§ **What is being asked**:
Since the listing below shows pictures, leave them out and write out exactly the lines from the line with "Easy-Grip & Sturdy" to the line with "Retro cool shield", both included, and no others.

§ **Records for the exercise**:
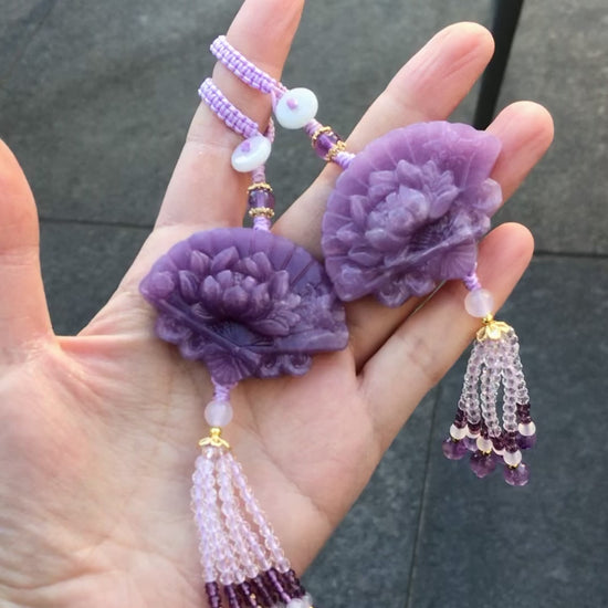 Purple Peony Fan Tassel Keychain Bag Charm - Lepidolite
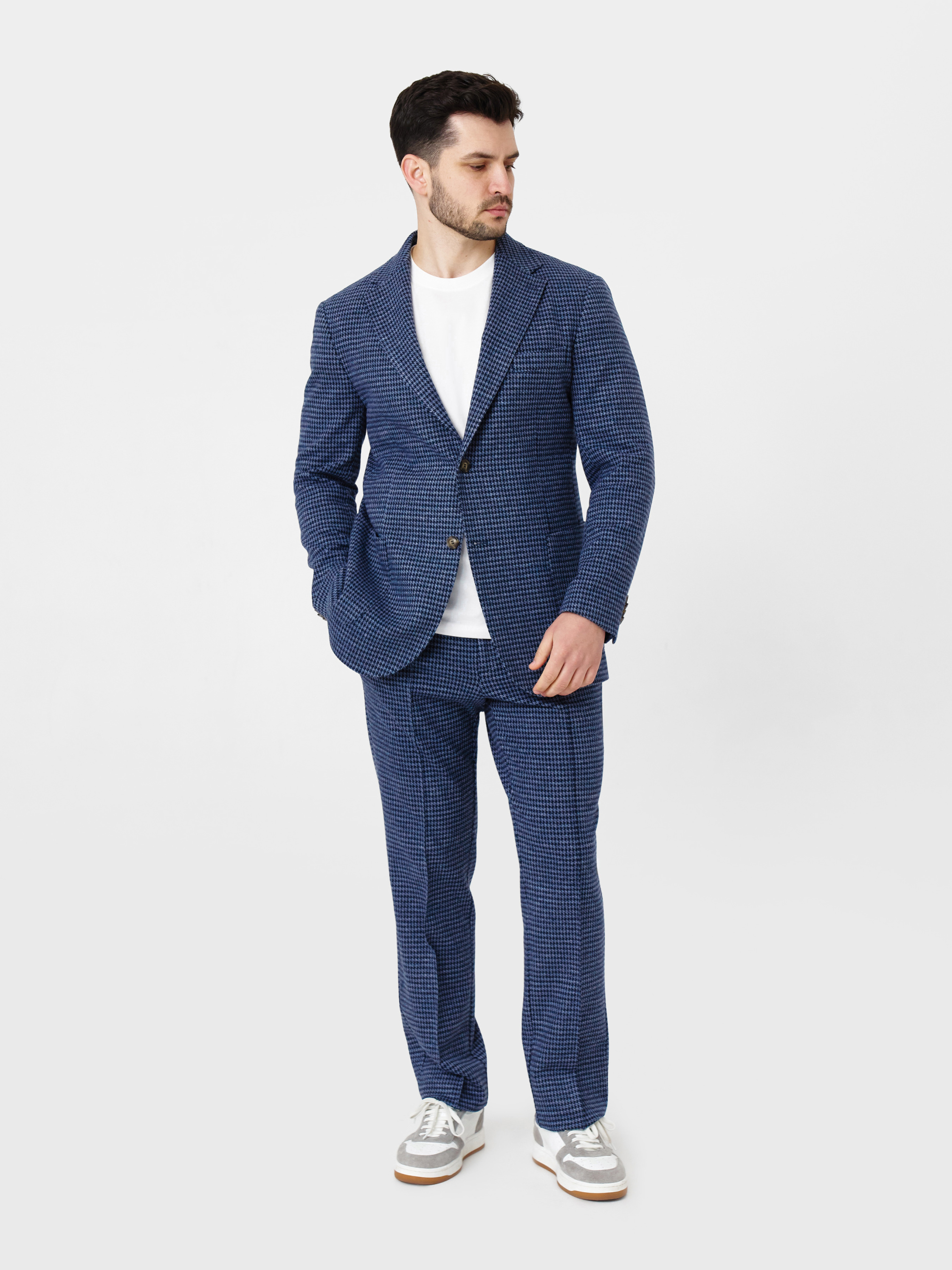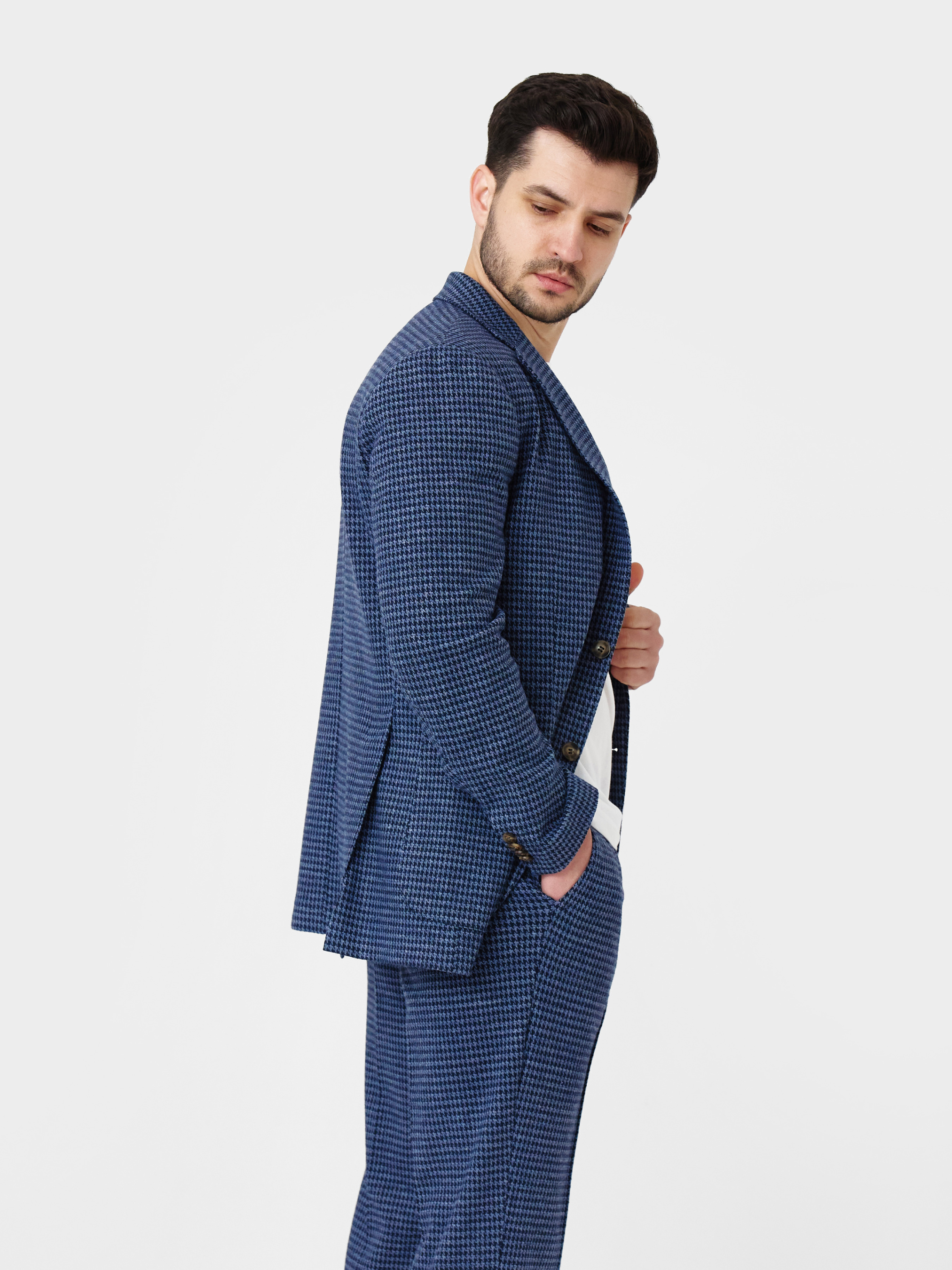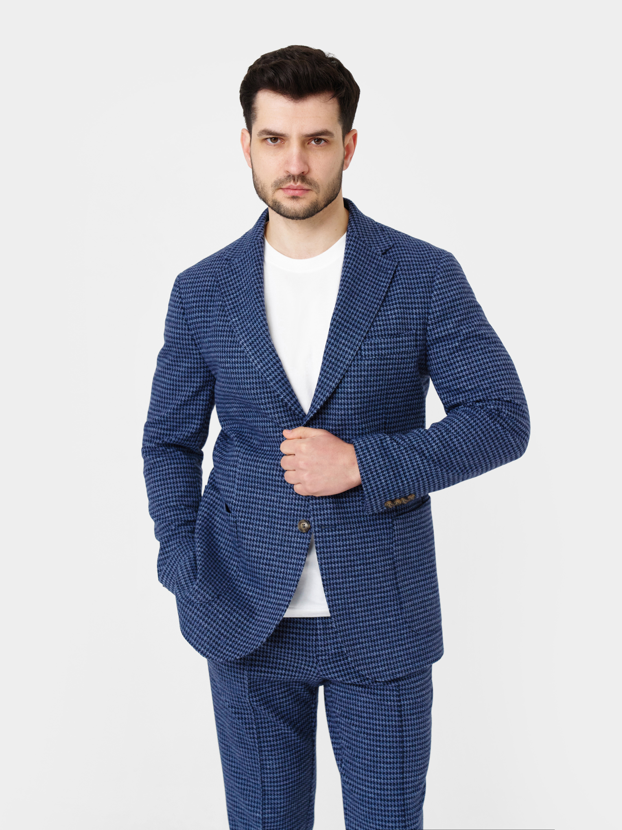 Чоловічий піджак Arber синього кольору, створений з трикотажної тканини на основі шовковистої віскози з додаванням еластану. Матеріал тягнеться, не мнеться та зберігає форму навіть при активному ритмі дня. Модель має класичний крій, акуратні лацкани та продуману посадку. Оснащений двома накладними кишенями та однією нагрудною. Ідеально виглядає у комплекті з брюками M01.09.06.611 з тієї ж тканини, для стильних офісних образів, зустрічей з друзями або вечірніх виходів — легко поєднується з брюками, джинсами. Модель на фото у розмірі 48. Зріст: 188 см. Параметри: 110/80/100
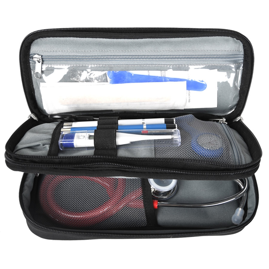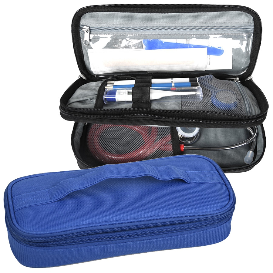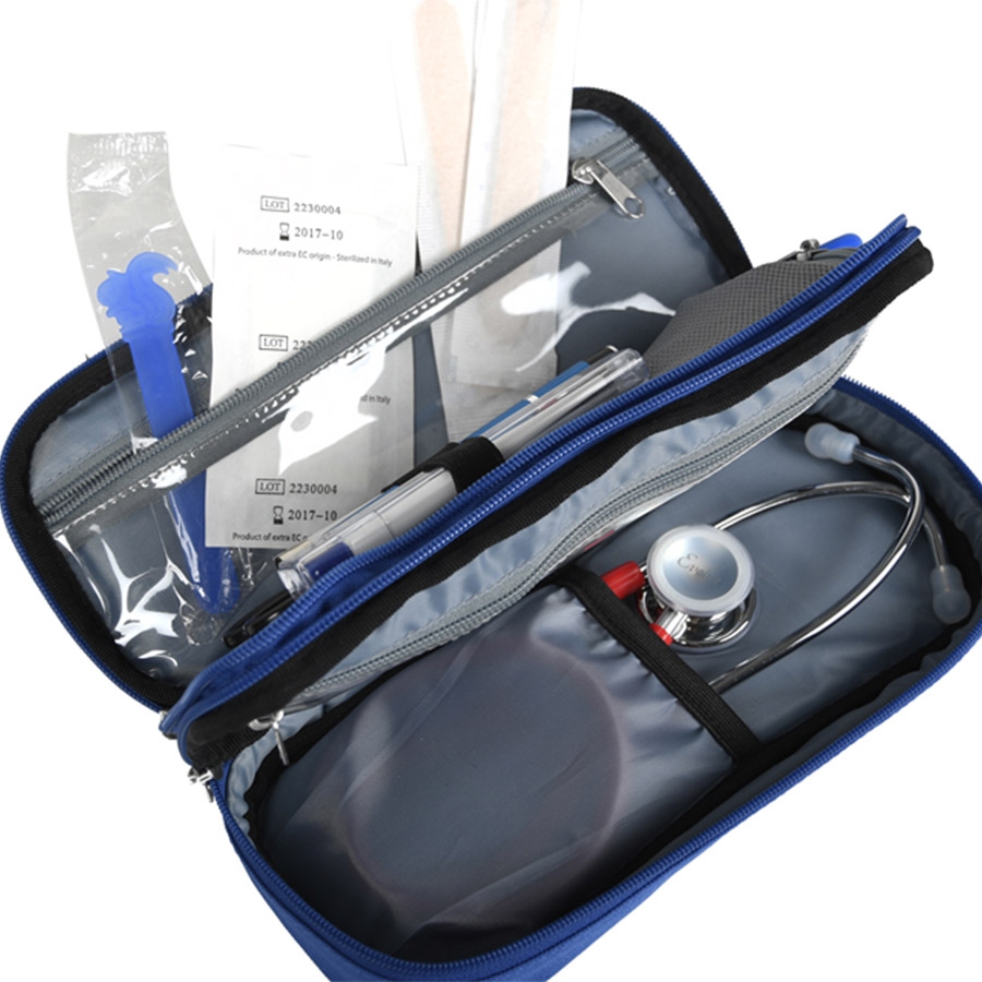 Grâce à sa double fermeture à glissière, l’étui multiusage s’ouvre facilement pour un accès instantané à son contenu. Sa poignée robuste offre un transport confortable, que ce soit en déplacement ou en service hospitalier.
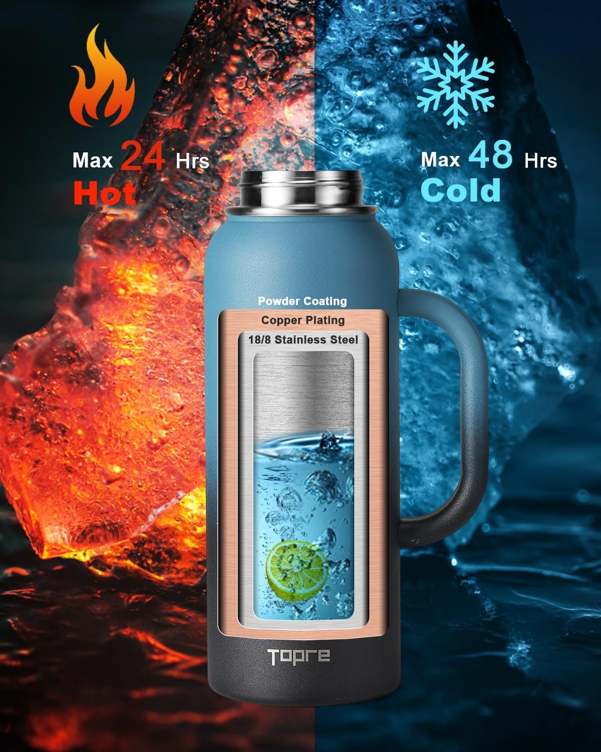Easy-Grip & Sturdy Handle: Topre 40 oz water bottle features an ergonomic hollow design on its handle, ensuring comfortable grip and easy lifting. Perfect for effortless single-handed use while on the go. Quench your thirst with its generous 40 ounce capacity –prompt hydration at your fingertips.
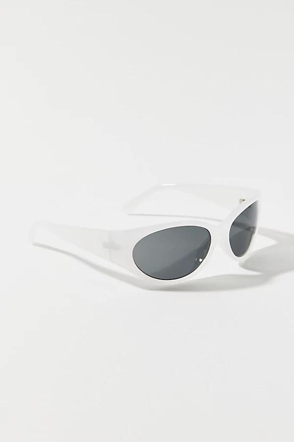 Retro cool shield sunglasses. Lightweight plastic sunglasses frames in a bold shield silhouette complete with rounded lenses. 100% UV protection. Features Kayla plastic round shield sunglasses Retro plastic shield sunglasses Lightweight plastic frames Rounded lenses 100% UV protection Content + Care Plastic Wipe clean Imported Kayla Plastic Round Shield Sunglasses in White, Womens at Urban Outfitters
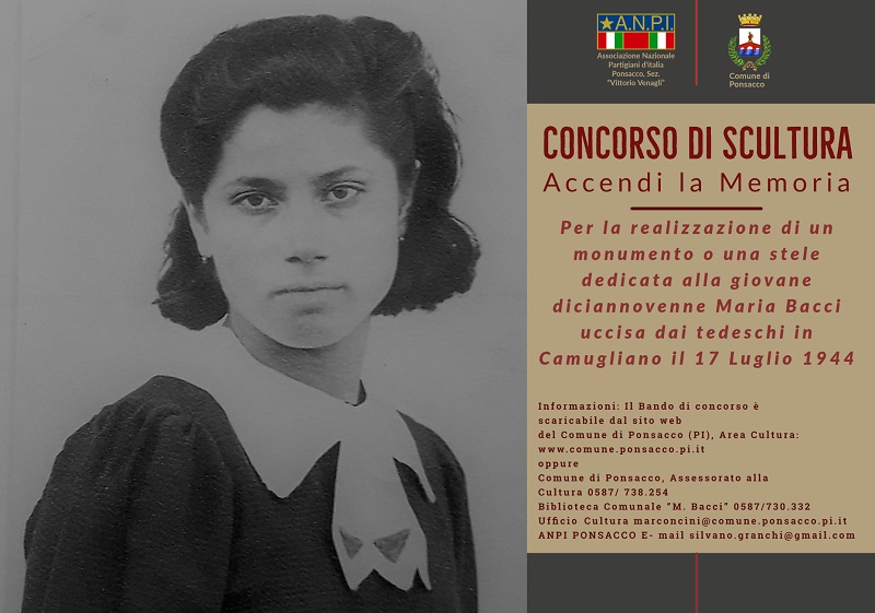 Il Comune di Ponsacco, in collaborazione con A.N.P.I Ponsacco Sezione “Vittorio Venagli”, in occasione del 77° anniversario della Resistenza e della Lotta per la Liberazione, promuove un concorso per la realizzazione di un’opera scultorea dedicata alla memoria di Maria Bacci, una giovane diciannovenne ponsacchina barbaramente uccisa dai tedeschi in ritirata il 17 luglio 1944.

§ **Output for this task**:
Easy-Grip & Sturdy Handle: Topre 40 oz water bottle features an ergonomic hollow design on its handle, ensuring comfortable grip and easy lifting. Perfect for effortless single-handed use while on the go. Quench your thirst with its generous 40 ounce capacity –prompt hydration at your fingertips.
 Retro cool shield sunglasses. Lightweight plastic sunglasses frames in a bold shield silhouette complete with rounded lenses. 100% UV protection. Features Kayla plastic round shield sunglasses Retro plastic shield sunglasses Lightweight plastic frames Rounded lenses 100% UV protection Content + Care Plastic Wipe clean Imported Kayla Plastic Round Shield Sunglasses in White, Womens at Urban Outfitters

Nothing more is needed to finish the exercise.